At the State of the City, held on Tuesday, May 13, 2025, Mayor Michael Duman described how “cool” Suffolk is and touted many achievements in Suffolk over the past year, as well as many positive aspects of living in Suffolk. He also spoke about “a vision shaped by our community to guide Suffolk’s growth.”  

 

Then a video entitled “Cool Opportunities” was played. Part of it focused on the 2045 Comprehensive Plan and emphasized the importance of agriculture in Suffolk. The video gave the impression that the 2045 Comprehensive Plan was designed around citizen input and would help preserve Suffolk’s agricultural lands. Neither of those two things are true.

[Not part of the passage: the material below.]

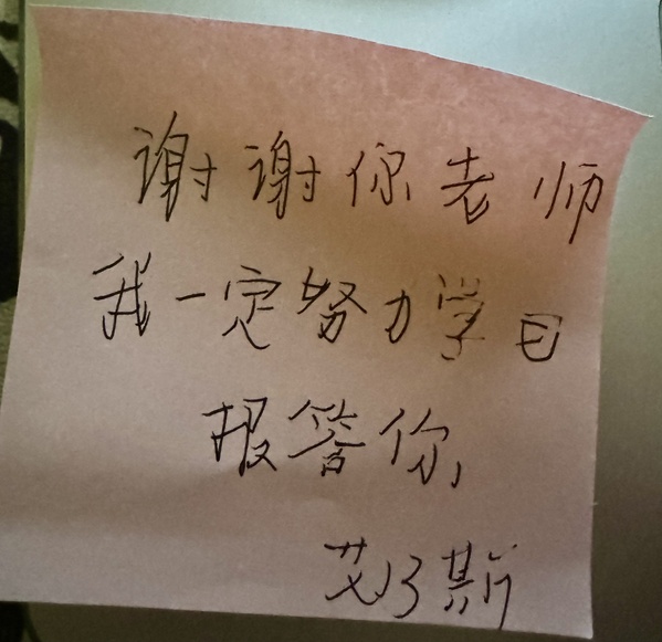 在一张便利贴上,艾乃斯写下了与刘雨桐的约定(央广网发受访者供图)

The video shows images of beautiful farmland describing how the new 2045 Comprehensive Plan is at the “heart of Suffolk’s future.” The video stated that the plan was “shaped by extensive citizen input” that will preserve “our agricultural heritage”. It goes on further to talk about how agriculture is a huge part of our economy and the importance of rural landscapes as they “define our city’s character.” 

 

In reality the 2045 Comprehensive Plan lays down a framework to destroy significant amounts of farmland, by increasing the growth areas by about 11.5 square miles. This growth will extend into what are predominantly agricultural lands. That is a 15% growth from the previous existing growth area. It makes for the largest comp plan growth area expansion in Suffolk’s history- that is NOT preserving farmland.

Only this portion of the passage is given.